Viviane Maria Rodrigues


Teoria Positivista
Objetivos de aprendizagem
Ao final deste texto, você deve apresentar os seguintes aprendizados:

n Refletir sobre a relação da Teoria Positivista com o Serviço Social brasileiro.


n Identificar os processos de trabalho do assistente social a partir da
Teoria Positivista.
n Reconhecer os limites e as possibilidades do Serviço Social quando se
utilizou da Teoria Positivista nos seus processos de trabalho.

Introdução
Neste texto, você vai conhecer a Teoria Positivista, vai estudar o conceito
e a influência desta teoria no Serviço Social brasileiro, especialmente
no processo de institucionalização dessa disciplina.
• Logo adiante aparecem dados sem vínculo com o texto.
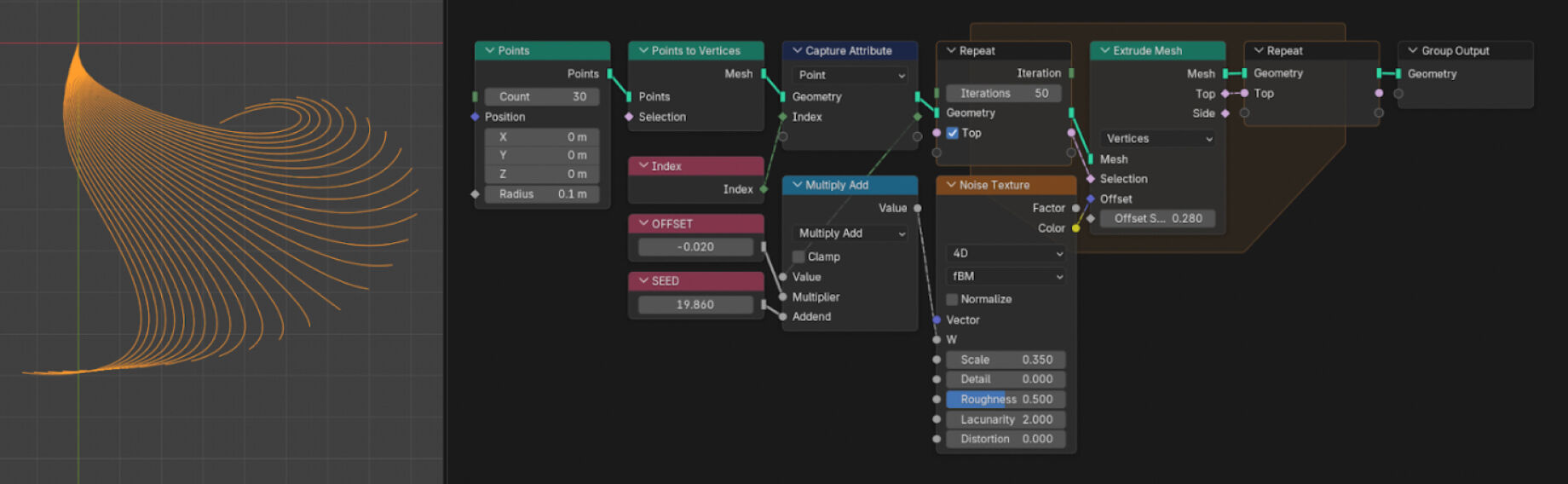 یکی از روشهای ابتکاری برای ایجاد فرهای تزئینی هندسه، استفاده از تکنیک curl noise است. این کار با extrusion یک لبه از طریق یک فیلد نویز (noise field) انجام میشود، به طوری که خروجی نویز به عنوان جهت extrusion مورد استفاده قرار میگیرد. اگر نقاط متعددی در مکانهای مختلف extrusion شوند، میتوانیم فیلد نویز را تجسم کنیم. یک رویکرد جایگزین استفاده از چندین نقطه در یک مکان است که هر کدام نویز کمی متفاوتی را نمونهبرداری میکنند، یا با تغییر مقیاس (scale) یا seed. این کار منجر به ایجاد خوشههای زیبایی میشود که میتوان آنها را به مشهایی با موتیفهای برگی شکل تبدیل کرد.
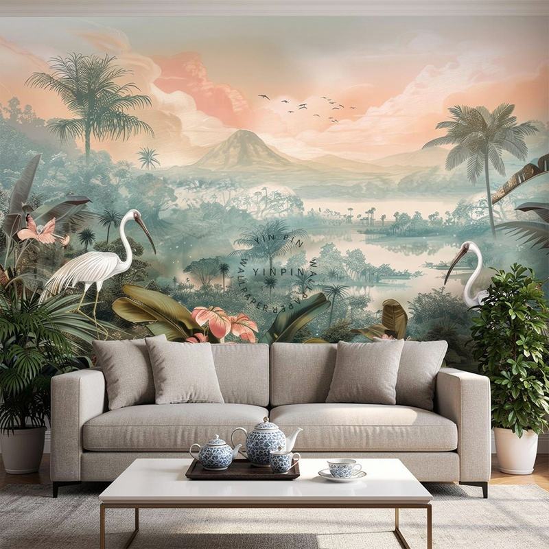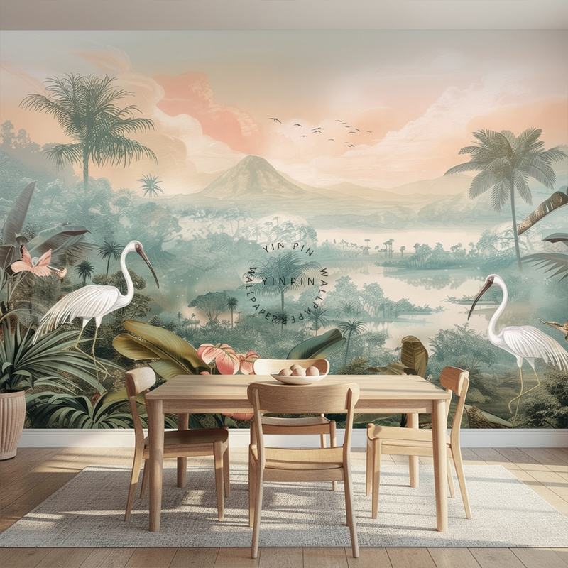 Papier peint mural traditionnel en vinyle à peler et à coller, paysage tropical paradisiaque, oiseaux exotiques, décoration murale pour la maison

Além disso, vai ver
quais são os limites e as possibilidades da Teoria Positivista aplicada ao
Serviço Social.

Relação da Teoria Positivista


com o Serviço Social brasileiro
A Teoria Positivista surgiu na França, no início do século XIX. Ela é baseada
nos ensinamentos de Auguste Comte e ganhou força na Europa em meados
do século XIX e início do século XX, quando também chegou ao Brasil.
Com as transformações no cenário político, econômico e social viven-
ciadas no Brasil nos anos 1940, também houve uma mudança considerável
no Serviço Social brasileiro. Essa alteração se deu por meio da modificação
da filosofia adotada na atuação profissional. Com a aproximação do Serviço
Social americano, a partir da década de 1940, o Brasil travou contato com
propostas de trabalho permeadas pela teoria social positivista.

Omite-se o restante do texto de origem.